Problem description → Whatever appears in the records apart from pictures must be reproduced exactly.

Records contained in a dataset:
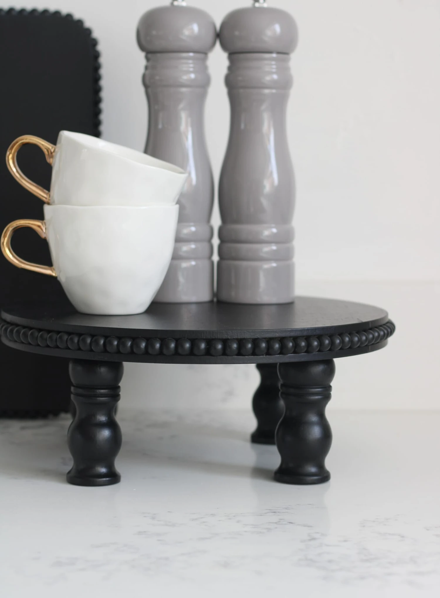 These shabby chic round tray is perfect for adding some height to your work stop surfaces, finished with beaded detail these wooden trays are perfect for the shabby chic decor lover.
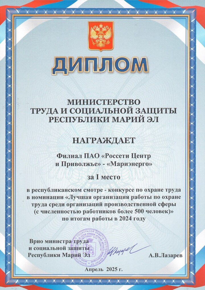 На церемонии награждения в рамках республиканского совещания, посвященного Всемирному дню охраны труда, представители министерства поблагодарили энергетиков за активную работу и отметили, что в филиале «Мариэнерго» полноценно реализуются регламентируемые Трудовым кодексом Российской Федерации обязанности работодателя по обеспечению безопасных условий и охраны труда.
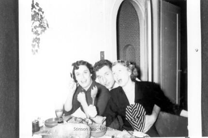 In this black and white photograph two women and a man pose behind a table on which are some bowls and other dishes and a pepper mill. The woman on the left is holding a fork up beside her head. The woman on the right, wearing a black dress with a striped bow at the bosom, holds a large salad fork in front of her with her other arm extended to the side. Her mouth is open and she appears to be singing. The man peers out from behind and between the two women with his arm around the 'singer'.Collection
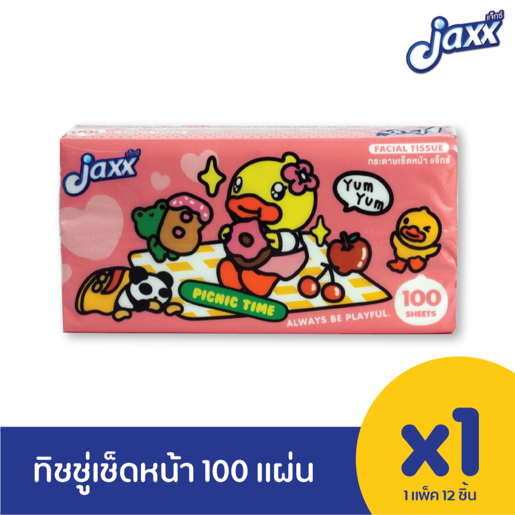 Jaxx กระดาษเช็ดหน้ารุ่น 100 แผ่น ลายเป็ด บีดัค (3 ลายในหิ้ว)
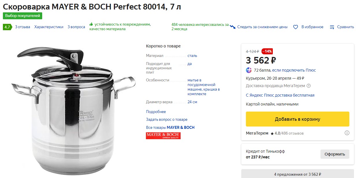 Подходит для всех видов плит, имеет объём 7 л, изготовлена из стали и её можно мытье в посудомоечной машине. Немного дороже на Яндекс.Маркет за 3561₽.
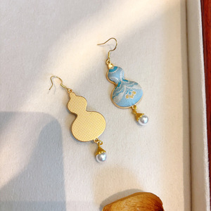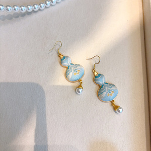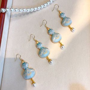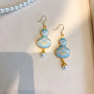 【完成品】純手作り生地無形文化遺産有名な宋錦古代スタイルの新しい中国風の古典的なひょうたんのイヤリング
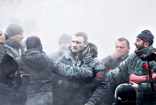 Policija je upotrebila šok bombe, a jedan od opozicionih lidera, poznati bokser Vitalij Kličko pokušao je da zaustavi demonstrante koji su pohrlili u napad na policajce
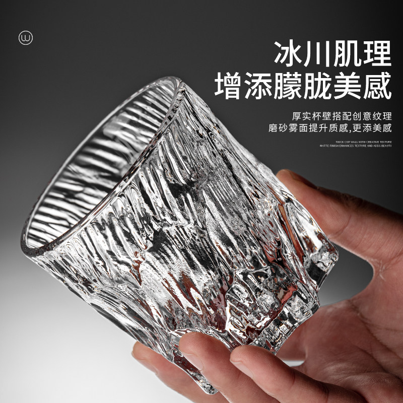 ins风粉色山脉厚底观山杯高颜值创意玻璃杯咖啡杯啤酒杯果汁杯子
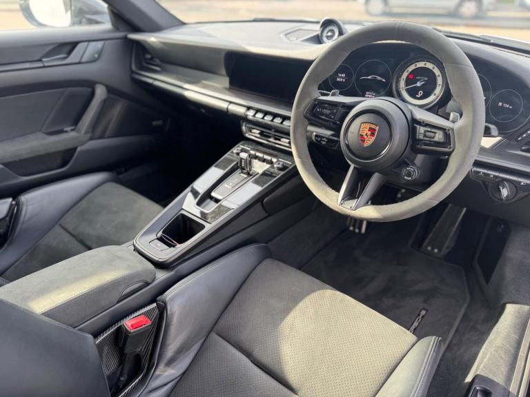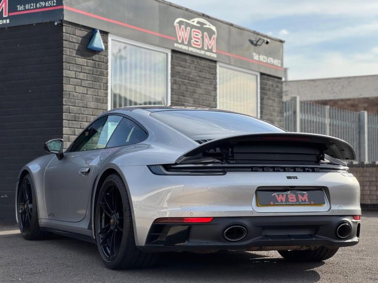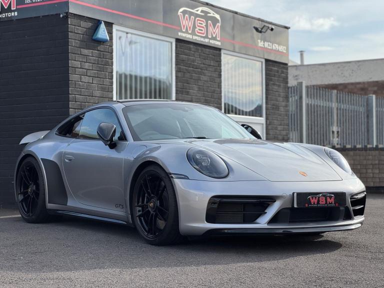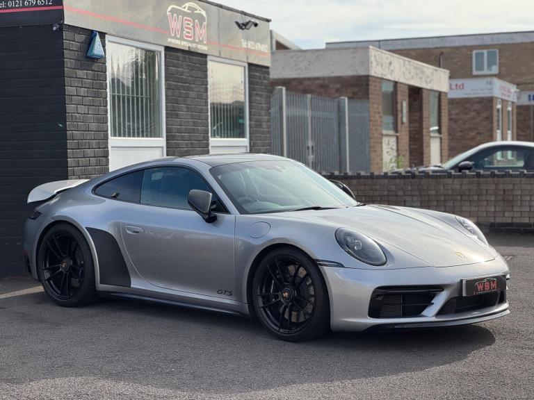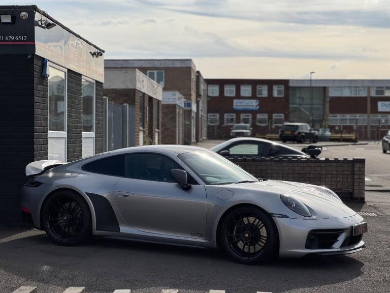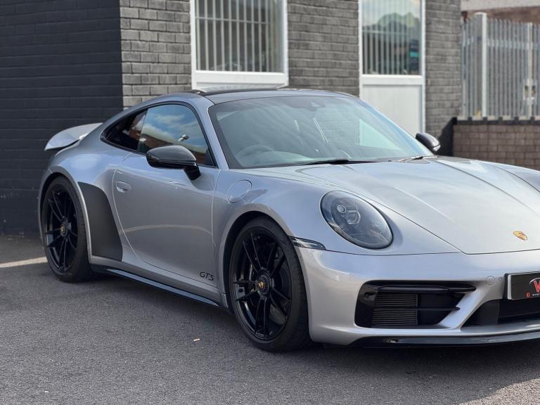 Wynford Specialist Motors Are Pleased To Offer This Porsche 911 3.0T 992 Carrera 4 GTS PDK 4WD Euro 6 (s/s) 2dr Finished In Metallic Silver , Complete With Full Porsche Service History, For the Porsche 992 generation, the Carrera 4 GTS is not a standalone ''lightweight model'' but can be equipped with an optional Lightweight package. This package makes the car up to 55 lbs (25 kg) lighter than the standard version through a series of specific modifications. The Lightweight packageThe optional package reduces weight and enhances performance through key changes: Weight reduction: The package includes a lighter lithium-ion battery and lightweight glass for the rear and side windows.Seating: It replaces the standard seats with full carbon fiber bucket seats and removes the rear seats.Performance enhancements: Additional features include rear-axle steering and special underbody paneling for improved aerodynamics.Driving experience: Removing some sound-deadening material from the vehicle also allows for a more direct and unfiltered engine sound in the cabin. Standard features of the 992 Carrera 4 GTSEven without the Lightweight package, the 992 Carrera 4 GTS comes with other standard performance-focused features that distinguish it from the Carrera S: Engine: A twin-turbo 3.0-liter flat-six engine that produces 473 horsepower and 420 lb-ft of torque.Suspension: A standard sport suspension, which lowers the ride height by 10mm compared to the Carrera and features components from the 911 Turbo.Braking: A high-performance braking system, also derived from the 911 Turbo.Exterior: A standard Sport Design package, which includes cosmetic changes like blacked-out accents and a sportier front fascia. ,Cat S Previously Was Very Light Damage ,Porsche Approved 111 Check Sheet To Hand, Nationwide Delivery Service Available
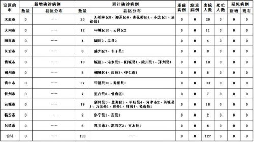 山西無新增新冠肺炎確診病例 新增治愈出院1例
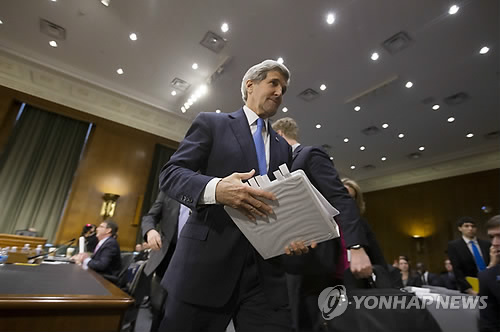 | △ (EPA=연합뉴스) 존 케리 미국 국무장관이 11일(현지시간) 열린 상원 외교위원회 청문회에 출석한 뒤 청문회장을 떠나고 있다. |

Task solution →
 These shabby chic round tray is perfect for adding some height to your work stop surfaces, finished with beaded detail these wooden trays are perfect for the shabby chic decor lover.
 На церемонии награждения в рамках республиканского совещания, посвященного Всемирному дню охраны труда, представители министерства поблагодарили энергетиков за активную работу и отметили, что в филиале «Мариэнерго» полноценно реализуются регламентируемые Трудовым кодексом Российской Федерации обязанности работодателя по обеспечению безопасных условий и охраны труда.
 In this black and white photograph two women and a man pose behind a table on which are some bowls and other dishes and a pepper mill. The woman on the left is holding a fork up beside her head. The woman on the right, wearing a black dress with a striped bow at the bosom, holds a large salad fork in front of her with her other arm extended to the side. Her mouth is open and she appears to be singing. The man peers out from behind and between the two women with his arm around the 'singer'.Collection
 Jaxx กระดาษเช็ดหน้ารุ่น 100 แผ่น ลายเป็ด บีดัค (3 ลายในหิ้ว)
 Подходит для всех видов плит, имеет объём 7 л, изготовлена из стали и её можно мытье в посудомоечной машине. Немного дороже на Яндекс.Маркет за 3561₽.
 【完成品】純手作り生地無形文化遺産有名な宋錦古代スタイルの新しい中国風の古典的なひょうたんのイヤリング
 Policija je upotrebila šok bombe, a jedan od opozicionih lidera, poznati bokser Vitalij Kličko pokušao je da zaustavi demonstrante koji su pohrlili u napad na policajce
 ins风粉色山脉厚底观山杯高颜值创意玻璃杯咖啡杯啤酒杯果汁杯子
 Wynford Specialist Motors Are Pleased To Offer This Porsche 911 3.0T 992 Carrera 4 GTS PDK 4WD Euro 6 (s/s) 2dr Finished In Metallic Silver , Complete With Full Porsche Service History, For the Porsche 992 generation, the Carrera 4 GTS is not a standalone ''lightweight model'' but can be equipped with an optional Lightweight package. This package makes the car up to 55 lbs (25 kg) lighter than the standard version through a series of specific modifications. The Lightweight packageThe optional package reduces weight and enhances performance through key changes: Weight reduction: The package includes a lighter lithium-ion battery and lightweight glass for the rear and side windows.Seating: It replaces the standard seats with full carbon fiber bucket seats and removes the rear seats.Performance enhancements: Additional features include rear-axle steering and special underbody paneling for improved aerodynamics.Driving experience: Removing some sound-deadening material from the vehicle also allows for a more direct and unfiltered engine sound in the cabin. Standard features of the 992 Carrera 4 GTSEven without the Lightweight package, the 992 Carrera 4 GTS comes with other standard performance-focused features that distinguish it from the Carrera S: Engine: A twin-turbo 3.0-liter flat-six engine that produces 473 horsepower and 420 lb-ft of torque.Suspension: A standard sport suspension, which lowers the ride height by 10mm compared to the Carrera and features components from the 911 Turbo.Braking: A high-performance braking system, also derived from the 911 Turbo.Exterior: A standard Sport Design package, which includes cosmetic changes like blacked-out accents and a sportier front fascia. ,Cat S Previously Was Very Light Damage ,Porsche Approved 111 Check Sheet To Hand, Nationwide Delivery Service Available
 山西無新增新冠肺炎確診病例 新增治愈出院1例
 | △ (EPA=연합뉴스) 존 케리 미국 국무장관이 11일(현지시간) 열린 상원 외교위원회 청문회에 출석한 뒤 청문회장을 떠나고 있다. |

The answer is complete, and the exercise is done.